Spatially resolved single-cell atlas unveils a distinct cellular signature of fatal lung COVID-19 in a Malawian population

Abstract

Postmortem single-cell studies have transformed understanding of lower respiratory tract diseases (LRTDs), including coronavirus disease 2019 (COVID-19), but there are minimal data from African settings where HIV, malaria and other environmental exposures may affect disease pathobiology and treatment targets. In this study, we used histology and high-dimensional imaging to characterize fatal lung disease in Malawian adults with (n = 9) and without (n = 7) COVID-19, and we generated single-cell transcriptomics data from lung, blood and nasal cells. Data integration with other cohorts showed a conserved COVID-19 histopathological signature, driven by contrasting immune and inflammatory mechanisms: in US, European and Asian cohorts, by type I/III interferon (IFN) responses, particularly in blood-derived monocytes, and in the Malawian cohort, by response to IFN-γ in lung-resident macrophages. HIV status had minimal impact on histology or immunopathology. Our study provides a data resource and highlights the importance of studying the cellular mechanisms of disease in underrepresented populations, indicating shared and distinct targets for treatment.

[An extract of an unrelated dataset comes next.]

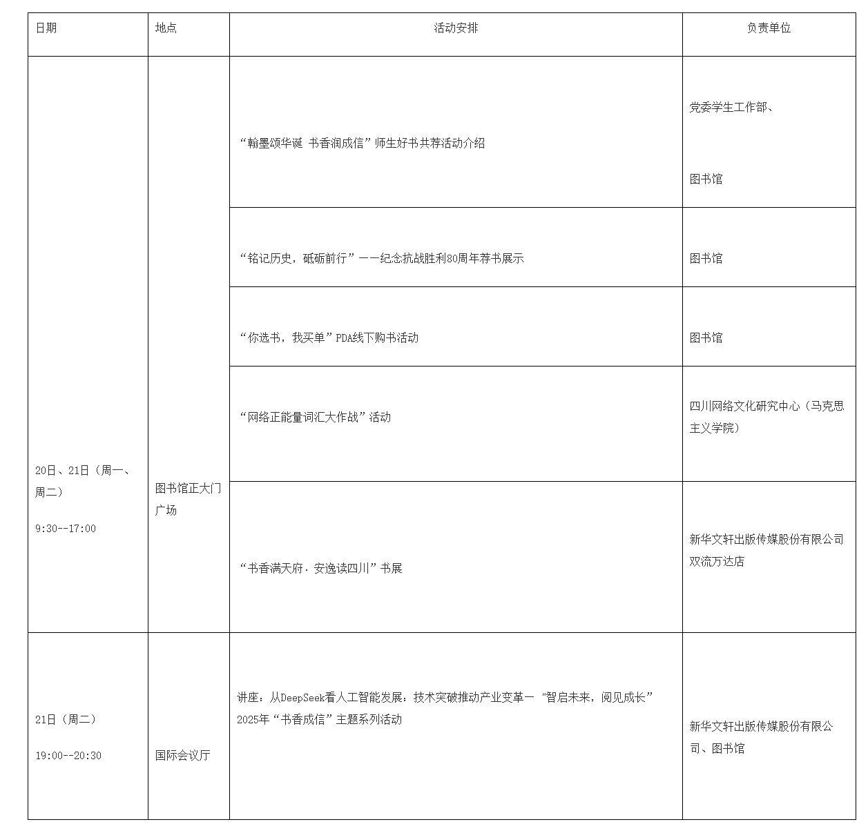为进一步倡导全民阅读、终身学习的文明风尚,努力建设学习型社会,由四川省委宣传部指导、天府书展组委会主办的“天府书展进校园”活动将于10月20-21日在爱体育网页版举行。学校图书馆在此背景下结合2025年度“书香成信”活动方案,设计了系列活动,期盼师生们在阅读中开阔视野,陶冶情操,提升文化素质。现将活动安排通知如下,欢迎广大师生积极参与!

Fig. 1. Study overview, overview of our cohort and comparator cohorts and histological lesion comparison with other cohorts.

a, Overview of study approach, created with BioRender.com. b, Summary of the characteristics of our Malawian cohort versus published cohorts that we have used for different comparisons. c, Heatmap shows the proportion of patients in the three cohorts (US/European, Malawian and Brazilian) who have each given lesion type. SS to death, symptom start to death in days; Path, pathology, denotes the number of patients included in each cohort in which postmortem pathological features are described; Sys. Hist., systematic histopathology, denotes the number of patients included in each cohort with scoring of the frequency and severity of different lesions scored based on pre-defined criteria; IMC, imaging mass cytometry, denotes the number of patients with data for this; Lung sc, lung cell single-cell RNA-seq, denotes the number of patients with scRNA-seq data from lung tissue; Nasal sc, nasal cell single-cell RNA-seq, denotes the number of patients with scRNA-seq data from nasal tissue; Blood sc, blood cell single-cell RNA-seq, denotes the number of patients with these data. Hy Memb, hyline membranes; Macro, macrophages; N/A, not applicable; NR, not recorded; Neuts, neutrophilis; T2N, type II pneumocyte hyperplasia.

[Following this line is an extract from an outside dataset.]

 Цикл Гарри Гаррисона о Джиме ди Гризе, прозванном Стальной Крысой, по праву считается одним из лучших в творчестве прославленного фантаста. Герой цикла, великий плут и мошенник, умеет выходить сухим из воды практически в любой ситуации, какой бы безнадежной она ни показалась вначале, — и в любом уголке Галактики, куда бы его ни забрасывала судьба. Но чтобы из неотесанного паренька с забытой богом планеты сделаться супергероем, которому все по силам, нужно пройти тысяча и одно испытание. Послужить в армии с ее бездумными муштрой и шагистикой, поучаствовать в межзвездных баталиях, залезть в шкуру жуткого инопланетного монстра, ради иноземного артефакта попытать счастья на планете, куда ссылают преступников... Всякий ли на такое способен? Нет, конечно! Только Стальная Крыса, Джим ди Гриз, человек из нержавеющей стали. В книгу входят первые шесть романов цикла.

Fig. 2. IMC reveals an immunopathological landscape of COVID-19 in Malawian patients driven by alveolar macrophages.

a, UMAP embedding of the cell types identified in the lung samples by IMC, after supervised assignment to major cell types. Each major cell type was clustered, and resulting clusters were annotated and merged to extract the final set of cell types. Color key for cell types is on the right-hand side of b. Frequency of the immune cell types was identified in the postmortem lung samples by IMC according to clinical groups. The stacked bar plot shows the averaged frequency of the cell types by grouping the values from ROIs according to the clinical groups. Dashed lines highlight principal differences in major cell populations between COVID-19 and other respiratory disease groups. c, Representative denoised IMC images from one of 84 ROIs for patients with COVID-19 show abundant CD206^high macrophages (yellow) and few neutrophils (CD66b, red) and monocytes (CD14, purple). Scale bar, 140 μm. d, Representative denoised IMC images from one of 19 ROIs for a non-COVID-19 LRTD case show abundant neutrophils (CD66b, red) and few CD206⁺ macrophages (yellow). Scale bar, 140 μm. e, Frequency of histopathological lesions based on matched H&E and IMC analysis of postmortem lung samples from the different clinical groups. The cellular composition and frequency of different cell types are indicated in Extended Data Fig. 3f. Dotted lines highlight the differences in proportions of broad response categories. f, UMAP embedding shows good integration (using the scvi-tools package) of IMC lung datasets from the Brazilian, US and Malawian COVID-19 cohorts based on 17 common antibody markers. g, Comparison of immune cell frequencies in IMC data from Brazilian, Malawian and US cohorts after integration shown in f; some major cell group differences are highlighted by dotted lines. Dashed box highlights apoptotic alveolar macrophages that are present only in the Malawian cohort. h, Comparison of stromal cell frequencies in IMC data from Brazilian, Malawian and US cohorts after integration shown in f. AM, alveolar macrophage; DAD, diffuse alveolar macrophage; EM, effector memory; IM, interstitial macrophage, mac, macrophage; neut, neutrophil; NK, natural killer; Treg, regulatory T; T2N, type II pneumocyte hyperplasia.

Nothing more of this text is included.